GOLDSTEIN: And I'm Jacob Goldstein. We called up a bunch of people who are experts in different fields - in finance, housing, trade - and we asked them, what are some big, important things Biden can do as president without Congress?
MALONE: Today on the show, bank accounts for everybody, making the most of Trump's trade war with China, firing a formerly unfireable bureaucrat and, also, the rule of the suburbs.
So we've got four chapters today. First up, Chapter 1 - bank accounts for everybody.
GOLDSTEIN: So the show I'm doing is basically things - economic things Biden can do without Congress. And you just wrote a nice listicle to that effect.
AARON KLEIN: Thank you.
GOLDSTEIN: And there was one sentence in particular that jumped out at me that I want to talk to you about.
GOLDSTEIN: That sentence is, all banks should be required to offer low-cost, no-overdraft, safe bank accounts. Can Biden make banks do that?
MALONE: This declarative statement comes from Aaron Klein. He used to work at the Senate banking committee and at the Treasury Department. Now he is at the Brookings Institution.
GOLDSTEIN: And he says there is this problem in America. Millions of people don't have bank accounts. This is inconvenient. It's hard to pay bills. It's dangerous. Your money can get stolen.
MALONE: So why, then, don't more people have bank accounts?
KLEIN: The No. 1 reason why unbanked people don't have bank accounts - bank accounts are expensive if you don't have much money.
GOLDSTEIN: You know, if you can't meet some minimum balance in a bank account, often you have to pay high fees just to keep the account open.
MALONE: And then there are more fees if you overdraw your account - if you take out more money than is in your account. So as a result, lots of people, especially people without a lot of money, go without bank accounts altogether.
GOLDSTEIN: So, like, describe for me this bank account that you think should - that you think every bank should offer. Tell me about that account.
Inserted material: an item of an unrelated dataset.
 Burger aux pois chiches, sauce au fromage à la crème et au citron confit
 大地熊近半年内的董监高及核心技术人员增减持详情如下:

KLEIN: Right. So that - first of all, that account does not have overdraft. So if you run out of money, your transaction is declined. And so you have a $3 monthly maintenance fee. You get two free money orders a month. All of your checks can be deposited at the bank for free.
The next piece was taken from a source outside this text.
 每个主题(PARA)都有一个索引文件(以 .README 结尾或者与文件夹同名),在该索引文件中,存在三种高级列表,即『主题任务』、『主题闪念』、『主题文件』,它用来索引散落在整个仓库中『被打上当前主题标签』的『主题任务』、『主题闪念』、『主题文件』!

GOLDSTEIN: Online bill pay, I assume.
KLEIN: Correct. Online and mobile banking, online bill pay, electronic checking, full ATM access, right? You don't get paper checks, but otherwise, it would feel like a regular bank account in every other sense.
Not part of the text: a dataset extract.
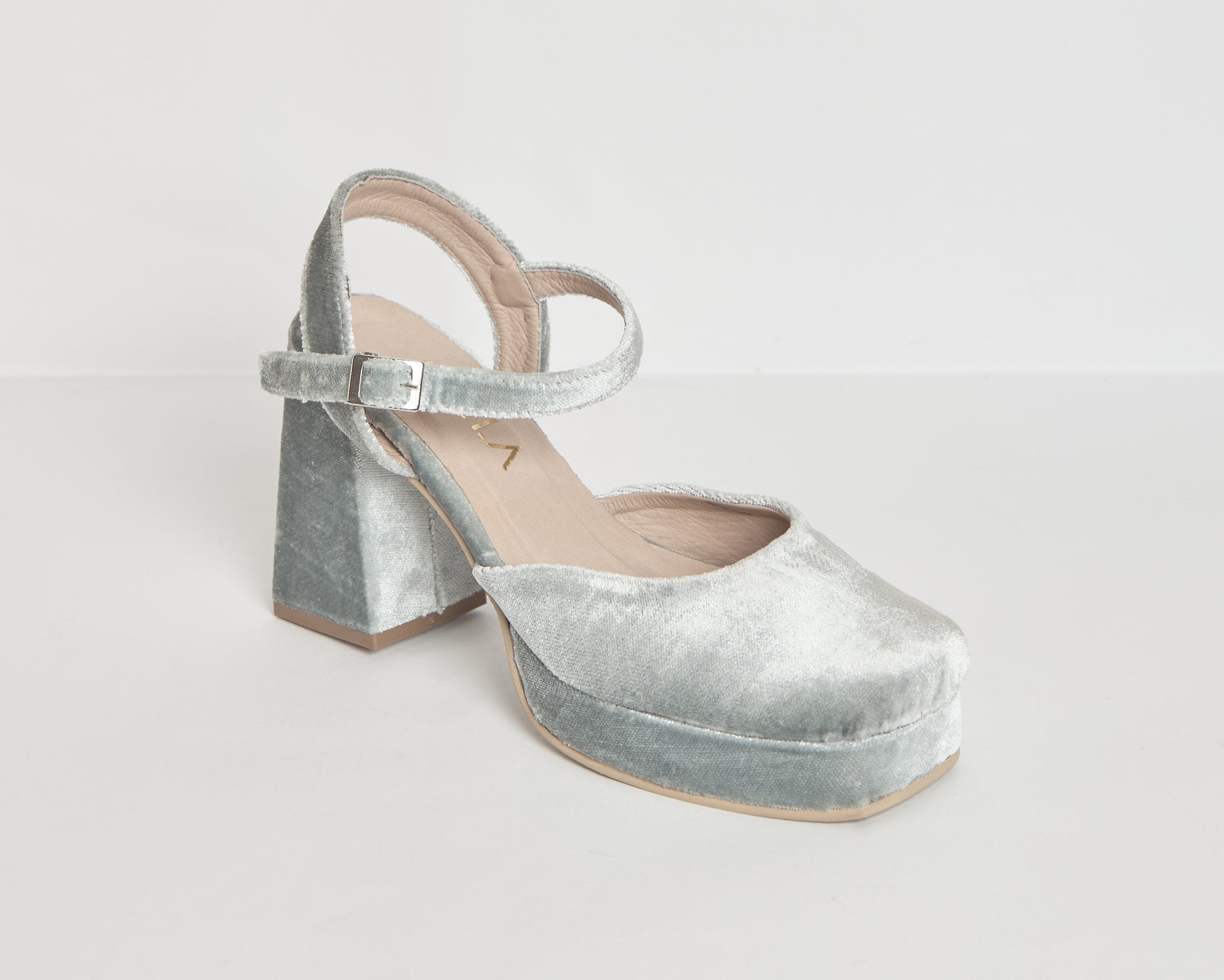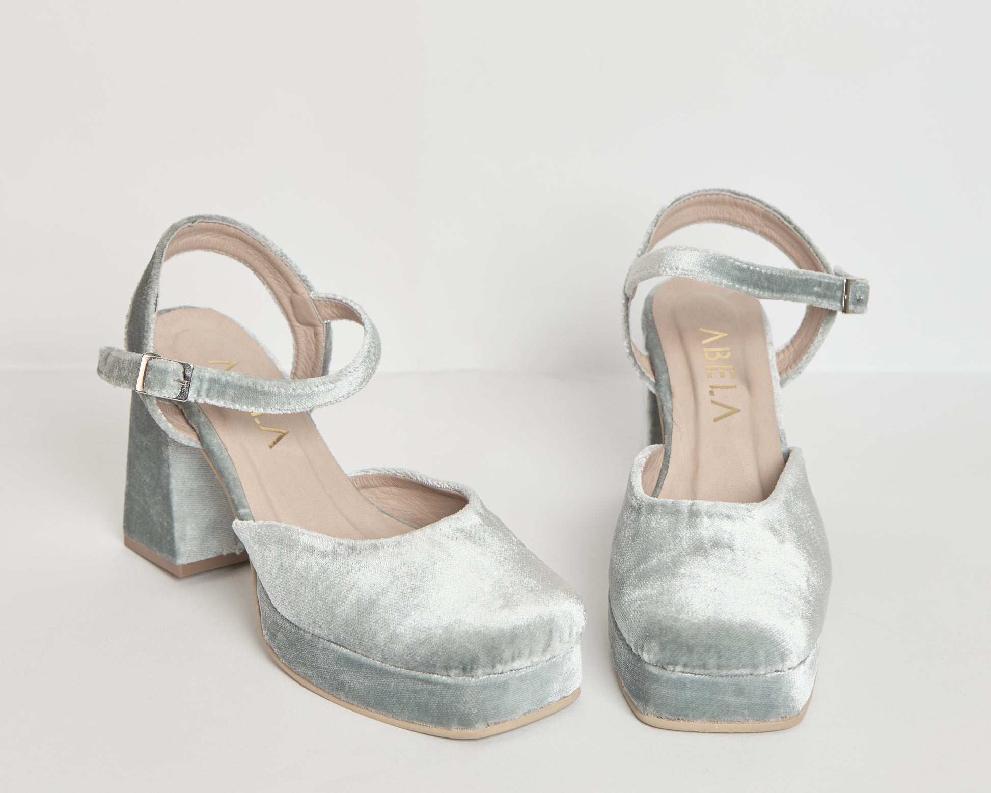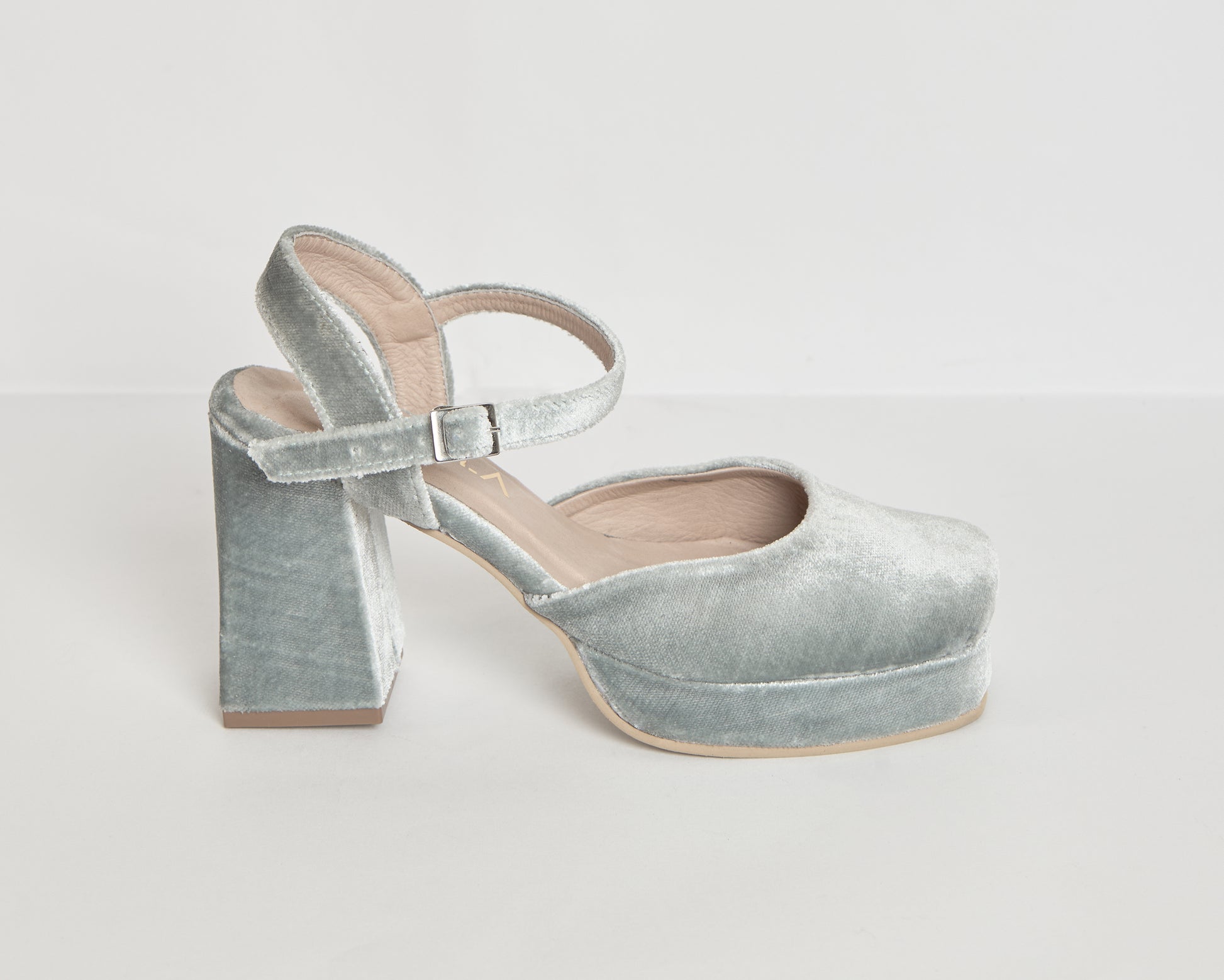 Tacones de punta cuadrada elaborados en terciopelo verde menta, cuentan con una plataforma de 2cm y correa al empeine. El tacón super cuadrado tiene un altura de 9cm medido por detrás.

MALONE: So that is what the account would look like. But the next question is, how can Biden do this? And the simple answer is because as president, he will appoint the people who regulate the banks.
GOLDSTEIN: There's also a slightly less simple answer that I find super-interesting, and that is this. So in other industries, regulators do not get to order companies to sell certain products.
MALONE: Yeah. Like, you know, Biden's trade regulators are not going to be able to order, like, Nike to issue cheaper Air Force 1s or something like that.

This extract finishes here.